* [What you are asked to do] Only an exact, line-for-line copy of the data will serve as the answer.

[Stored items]

________________________________________

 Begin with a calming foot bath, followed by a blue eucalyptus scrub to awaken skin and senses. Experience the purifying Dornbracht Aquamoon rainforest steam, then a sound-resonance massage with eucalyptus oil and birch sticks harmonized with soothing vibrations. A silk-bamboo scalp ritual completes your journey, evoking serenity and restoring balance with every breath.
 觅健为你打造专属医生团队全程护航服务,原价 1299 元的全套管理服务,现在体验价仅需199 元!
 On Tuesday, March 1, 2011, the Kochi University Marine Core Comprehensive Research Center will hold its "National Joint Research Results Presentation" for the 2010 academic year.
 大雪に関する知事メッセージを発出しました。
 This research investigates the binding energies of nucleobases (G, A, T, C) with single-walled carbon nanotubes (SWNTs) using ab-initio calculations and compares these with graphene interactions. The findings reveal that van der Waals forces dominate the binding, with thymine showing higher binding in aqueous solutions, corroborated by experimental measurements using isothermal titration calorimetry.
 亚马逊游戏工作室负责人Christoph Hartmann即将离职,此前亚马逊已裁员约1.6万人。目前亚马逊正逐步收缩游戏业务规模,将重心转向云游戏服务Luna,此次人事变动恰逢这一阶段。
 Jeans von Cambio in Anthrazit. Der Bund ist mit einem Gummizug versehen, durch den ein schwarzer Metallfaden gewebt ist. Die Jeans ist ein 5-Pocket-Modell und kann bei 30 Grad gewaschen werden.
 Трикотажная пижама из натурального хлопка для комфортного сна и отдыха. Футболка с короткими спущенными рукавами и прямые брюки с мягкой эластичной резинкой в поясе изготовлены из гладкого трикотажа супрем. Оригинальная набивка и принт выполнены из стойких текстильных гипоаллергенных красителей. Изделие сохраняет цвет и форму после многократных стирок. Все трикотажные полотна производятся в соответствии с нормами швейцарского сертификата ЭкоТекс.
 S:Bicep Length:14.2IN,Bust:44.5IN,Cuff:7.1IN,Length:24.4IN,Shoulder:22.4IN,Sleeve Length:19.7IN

________________________________________

* [Response to the task]
 Begin with a calming foot bath, followed by a blue eucalyptus scrub to awaken skin and senses. Experience the purifying Dornbracht Aquamoon rainforest steam, then a sound-resonance massage with eucalyptus oil and birch sticks harmonized with soothing vibrations. A silk-bamboo scalp ritual completes your journey, evoking serenity and restoring balance with every breath.
 觅健为你打造专属医生团队全程护航服务,原价 1299 元的全套管理服务,现在体验价仅需199 元!
 On Tuesday, March 1, 2011, the Kochi University Marine Core Comprehensive Research Center will hold its "National Joint Research Results Presentation" for the 2010 academic year.
 大雪に関する知事メッセージを発出しました。
 This research investigates the binding energies of nucleobases (G, A, T, C) with single-walled carbon nanotubes (SWNTs) using ab-initio calculations and compares these with graphene interactions. The findings reveal that van der Waals forces dominate the binding, with thymine showing higher binding in aqueous solutions, corroborated by experimental measurements using isothermal titration calorimetry.
 亚马逊游戏工作室负责人Christoph Hartmann即将离职,此前亚马逊已裁员约1.6万人。目前亚马逊正逐步收缩游戏业务规模,将重心转向云游戏服务Luna,此次人事变动恰逢这一阶段。
 Jeans von Cambio in Anthrazit. Der Bund ist mit einem Gummizug versehen, durch den ein schwarzer Metallfaden gewebt ist. Die Jeans ist ein 5-Pocket-Modell und kann bei 30 Grad gewaschen werden.
 Трикотажная пижама из натурального хлопка для комфортного сна и отдыха. Футболка с короткими спущенными рукавами и прямые брюки с мягкой эластичной резинкой в поясе изготовлены из гладкого трикотажа супрем. Оригинальная набивка и принт выполнены из стойких текстильных гипоаллергенных красителей. Изделие сохраняет цвет и форму после многократных стирок. Все трикотажные полотна производятся в соответствии с нормами швейцарского сертификата ЭкоТекс.
 S:Bicep Length:14.2IN,Bust:44.5IN,Cuff:7.1IN,Length:24.4IN,Shoulder:22.4IN,Sleeve Length:19.7IN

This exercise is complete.